== Segment start ==

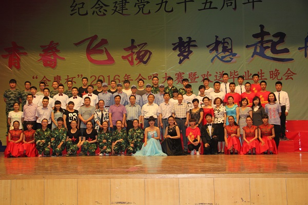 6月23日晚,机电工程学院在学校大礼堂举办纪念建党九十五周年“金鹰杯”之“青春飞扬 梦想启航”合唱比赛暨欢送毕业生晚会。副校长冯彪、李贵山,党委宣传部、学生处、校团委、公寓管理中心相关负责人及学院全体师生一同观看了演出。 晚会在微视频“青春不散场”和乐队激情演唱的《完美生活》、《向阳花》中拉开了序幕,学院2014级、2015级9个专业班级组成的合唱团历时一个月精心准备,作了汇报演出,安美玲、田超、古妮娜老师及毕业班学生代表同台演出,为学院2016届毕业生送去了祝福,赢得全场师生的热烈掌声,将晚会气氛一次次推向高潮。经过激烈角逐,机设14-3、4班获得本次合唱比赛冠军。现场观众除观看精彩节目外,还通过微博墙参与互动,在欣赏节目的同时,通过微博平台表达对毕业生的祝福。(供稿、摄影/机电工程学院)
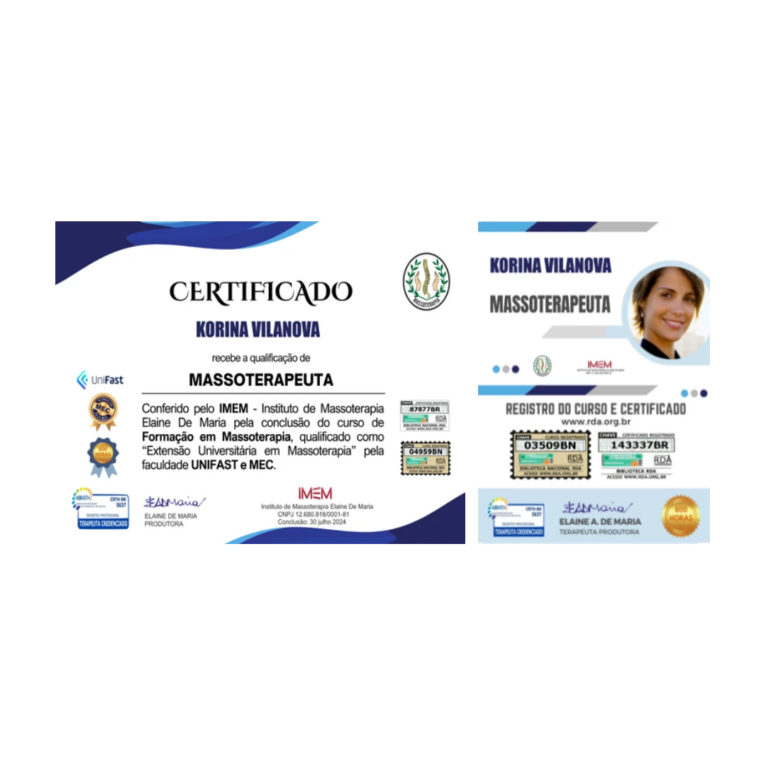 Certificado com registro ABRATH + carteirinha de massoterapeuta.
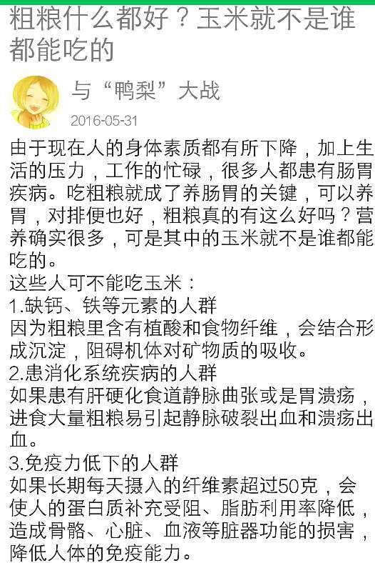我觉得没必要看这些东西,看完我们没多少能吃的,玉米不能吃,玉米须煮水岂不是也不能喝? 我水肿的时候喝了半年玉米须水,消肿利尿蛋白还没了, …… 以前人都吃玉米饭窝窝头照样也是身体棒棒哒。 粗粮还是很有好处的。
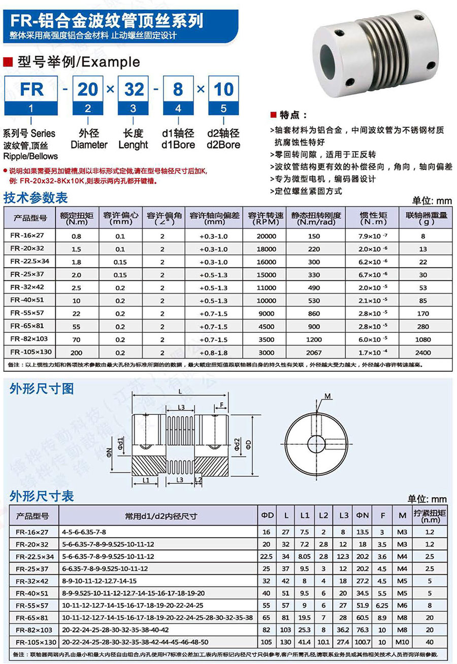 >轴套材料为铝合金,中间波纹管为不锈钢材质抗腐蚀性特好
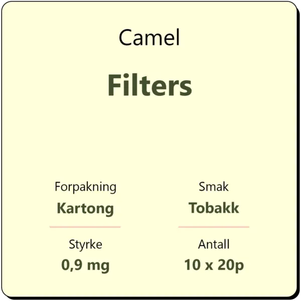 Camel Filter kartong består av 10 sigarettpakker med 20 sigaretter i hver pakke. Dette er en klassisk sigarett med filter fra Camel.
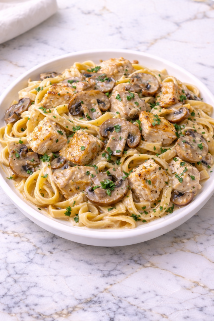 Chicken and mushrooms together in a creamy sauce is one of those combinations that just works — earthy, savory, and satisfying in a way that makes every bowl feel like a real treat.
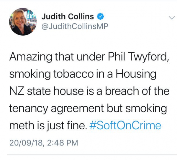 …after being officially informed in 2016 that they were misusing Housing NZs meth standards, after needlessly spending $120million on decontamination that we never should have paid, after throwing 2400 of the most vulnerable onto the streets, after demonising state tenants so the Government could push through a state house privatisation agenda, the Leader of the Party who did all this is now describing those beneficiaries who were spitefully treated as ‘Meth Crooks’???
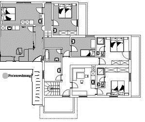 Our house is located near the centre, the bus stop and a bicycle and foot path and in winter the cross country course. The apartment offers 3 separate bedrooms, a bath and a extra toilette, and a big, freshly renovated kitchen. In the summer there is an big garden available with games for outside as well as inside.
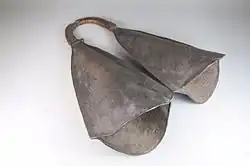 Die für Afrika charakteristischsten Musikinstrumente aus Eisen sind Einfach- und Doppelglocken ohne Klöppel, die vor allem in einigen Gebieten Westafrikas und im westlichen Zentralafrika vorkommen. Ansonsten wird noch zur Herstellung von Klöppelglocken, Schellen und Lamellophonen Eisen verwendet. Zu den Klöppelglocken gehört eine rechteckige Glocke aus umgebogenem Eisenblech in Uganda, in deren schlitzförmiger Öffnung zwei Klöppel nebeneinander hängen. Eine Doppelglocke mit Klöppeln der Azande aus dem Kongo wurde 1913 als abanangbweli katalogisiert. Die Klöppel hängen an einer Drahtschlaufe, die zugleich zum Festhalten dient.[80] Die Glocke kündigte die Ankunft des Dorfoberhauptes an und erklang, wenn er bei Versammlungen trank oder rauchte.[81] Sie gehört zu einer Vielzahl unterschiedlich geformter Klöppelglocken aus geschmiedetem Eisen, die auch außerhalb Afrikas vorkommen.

== Segment end ==
== Segment start ==

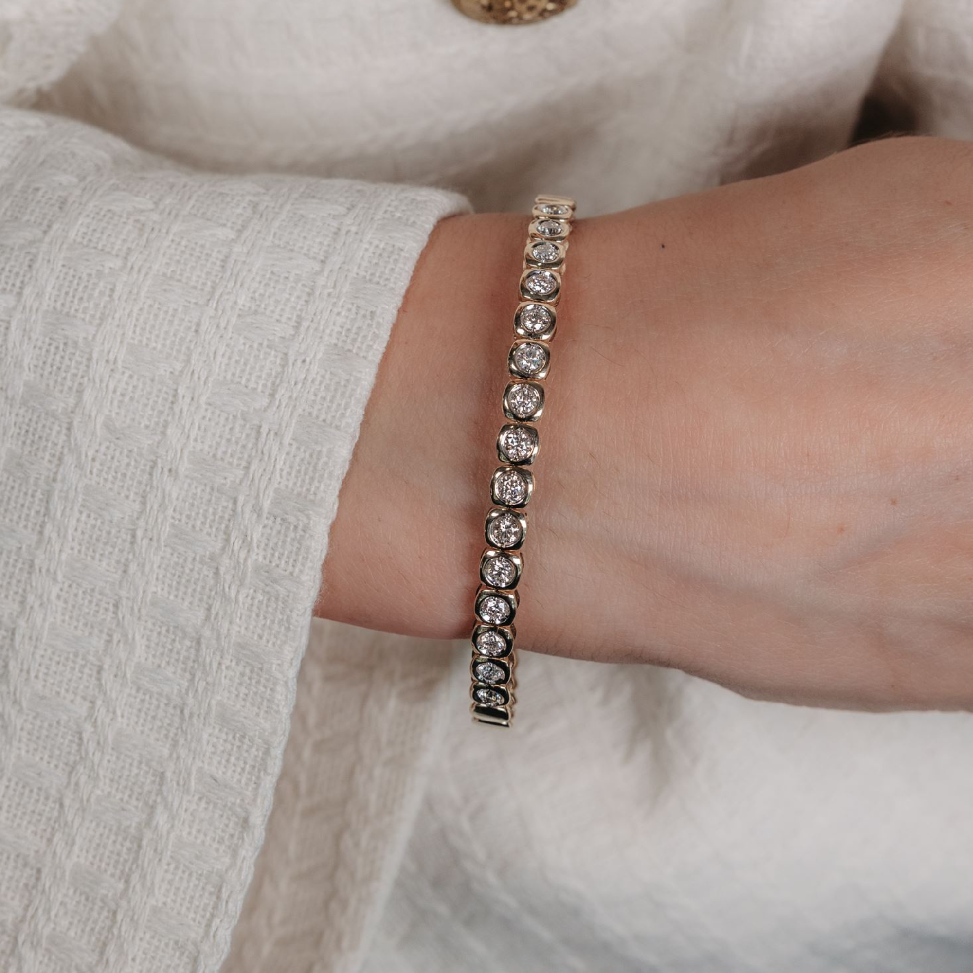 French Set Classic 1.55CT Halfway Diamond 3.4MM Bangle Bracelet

== Segment end ==
== Segment start ==

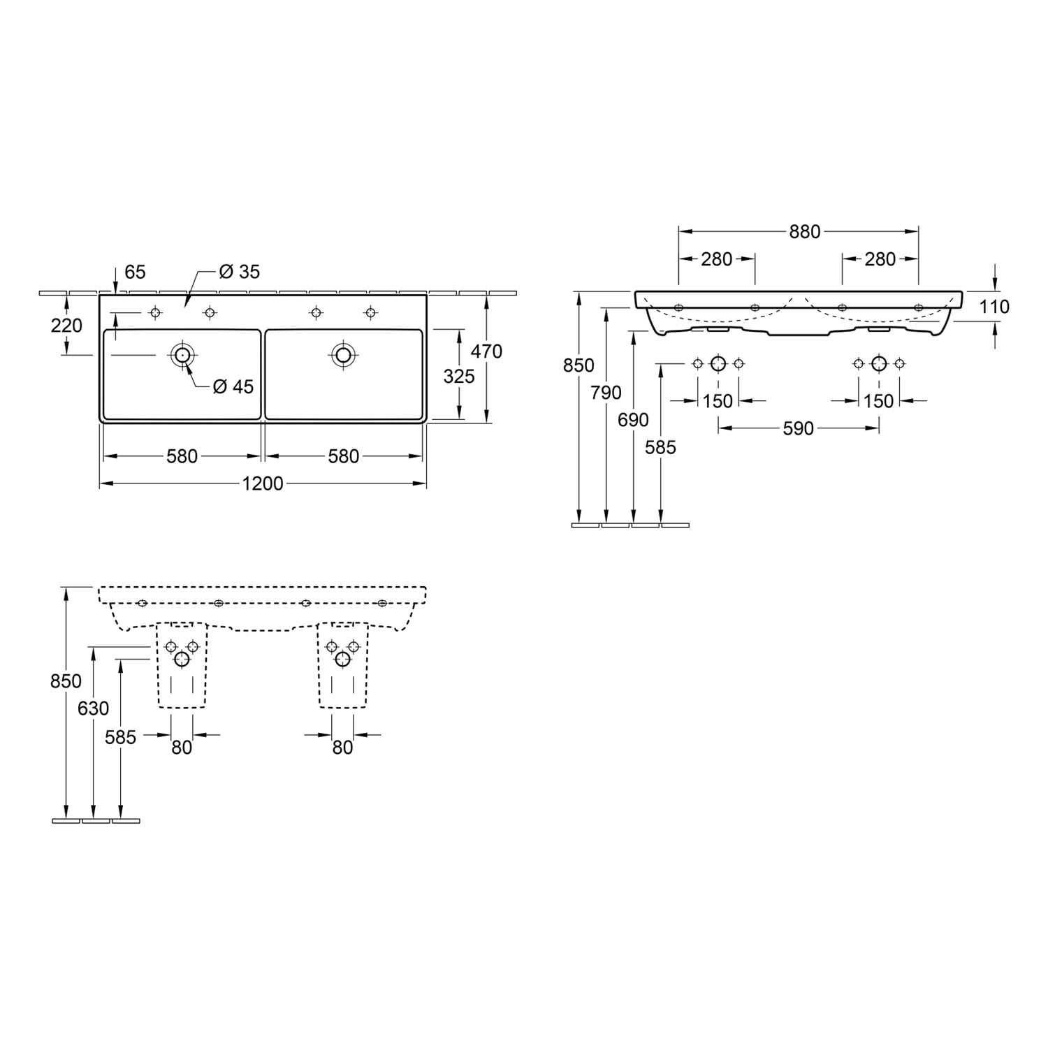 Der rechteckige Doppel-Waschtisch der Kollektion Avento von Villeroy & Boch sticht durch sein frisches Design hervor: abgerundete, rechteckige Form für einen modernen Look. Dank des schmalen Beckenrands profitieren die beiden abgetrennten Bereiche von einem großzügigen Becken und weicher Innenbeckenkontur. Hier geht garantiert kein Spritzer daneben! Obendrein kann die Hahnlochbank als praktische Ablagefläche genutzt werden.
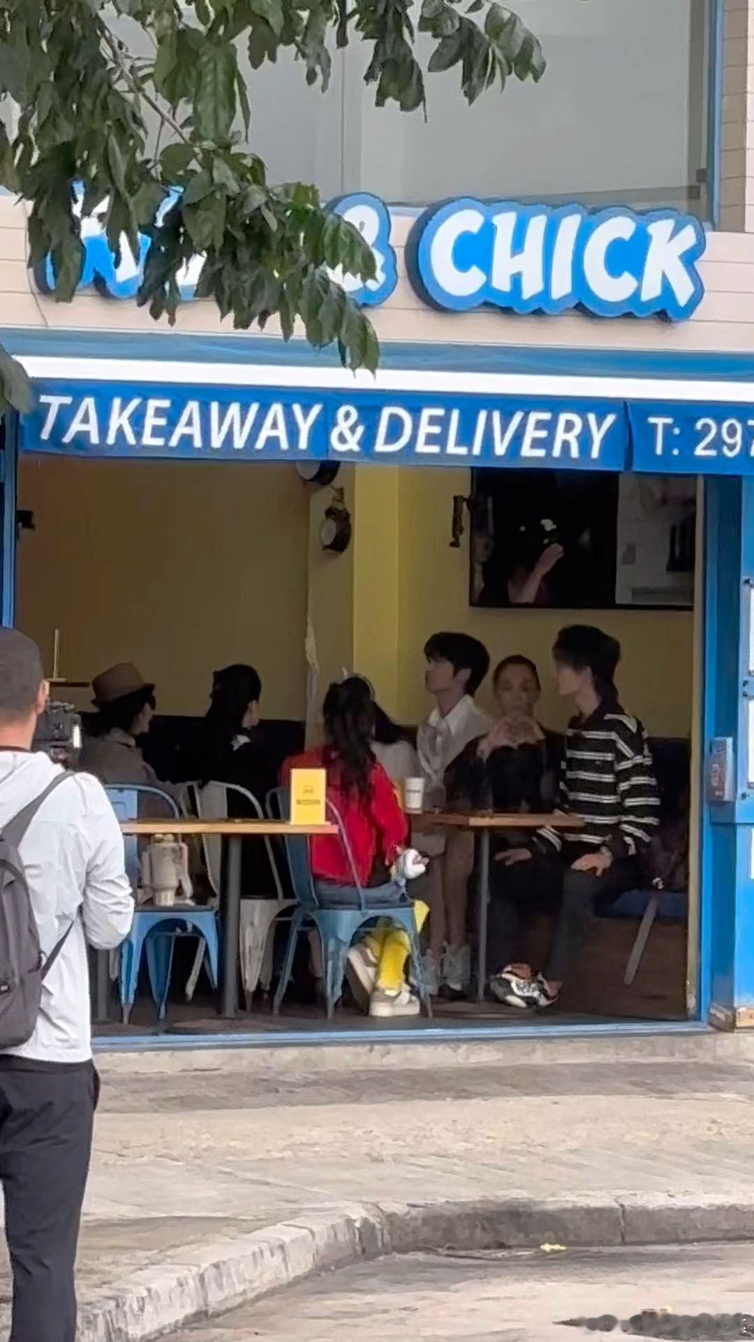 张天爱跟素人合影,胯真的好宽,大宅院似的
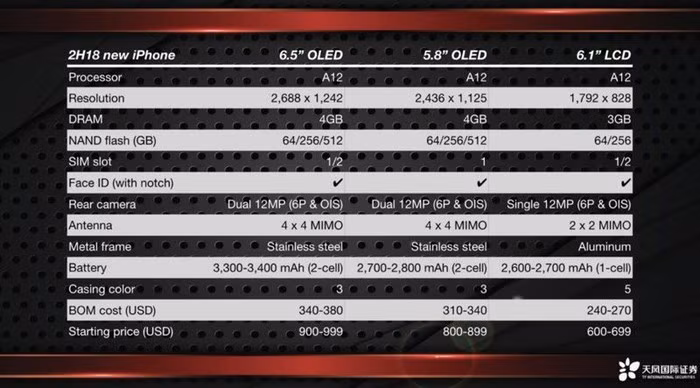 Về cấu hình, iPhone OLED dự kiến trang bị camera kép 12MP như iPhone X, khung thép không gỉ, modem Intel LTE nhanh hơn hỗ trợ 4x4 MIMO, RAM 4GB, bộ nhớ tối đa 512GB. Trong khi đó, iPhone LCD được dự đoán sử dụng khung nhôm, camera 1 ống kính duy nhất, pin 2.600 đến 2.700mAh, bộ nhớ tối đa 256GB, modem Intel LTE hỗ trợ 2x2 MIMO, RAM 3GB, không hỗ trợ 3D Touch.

== Segment end ==

__Assignment__:
Go to the line above holding "Der rechteckige Doppel-Waschtisch", then copy exactly each line down to and including the one holding "Về cấu hình, iPhone", leaving pictures out.

__Finished exercise__:
 Der rechteckige Doppel-Waschtisch der Kollektion Avento von Villeroy & Boch sticht durch sein frisches Design hervor: abgerundete, rechteckige Form für einen modernen Look. Dank des schmalen Beckenrands profitieren die beiden abgetrennten Bereiche von einem großzügigen Becken und weicher Innenbeckenkontur. Hier geht garantiert kein Spritzer daneben! Obendrein kann die Hahnlochbank als praktische Ablagefläche genutzt werden.
 张天爱跟素人合影,胯真的好宽,大宅院似的
 Về cấu hình, iPhone OLED dự kiến trang bị camera kép 12MP như iPhone X, khung thép không gỉ, modem Intel LTE nhanh hơn hỗ trợ 4x4 MIMO, RAM 4GB, bộ nhớ tối đa 512GB. Trong khi đó, iPhone LCD được dự đoán sử dụng khung nhôm, camera 1 ống kính duy nhất, pin 2.600 đến 2.700mAh, bộ nhớ tối đa 256GB, modem Intel LTE hỗ trợ 2x2 MIMO, RAM 3GB, không hỗ trợ 3D Touch.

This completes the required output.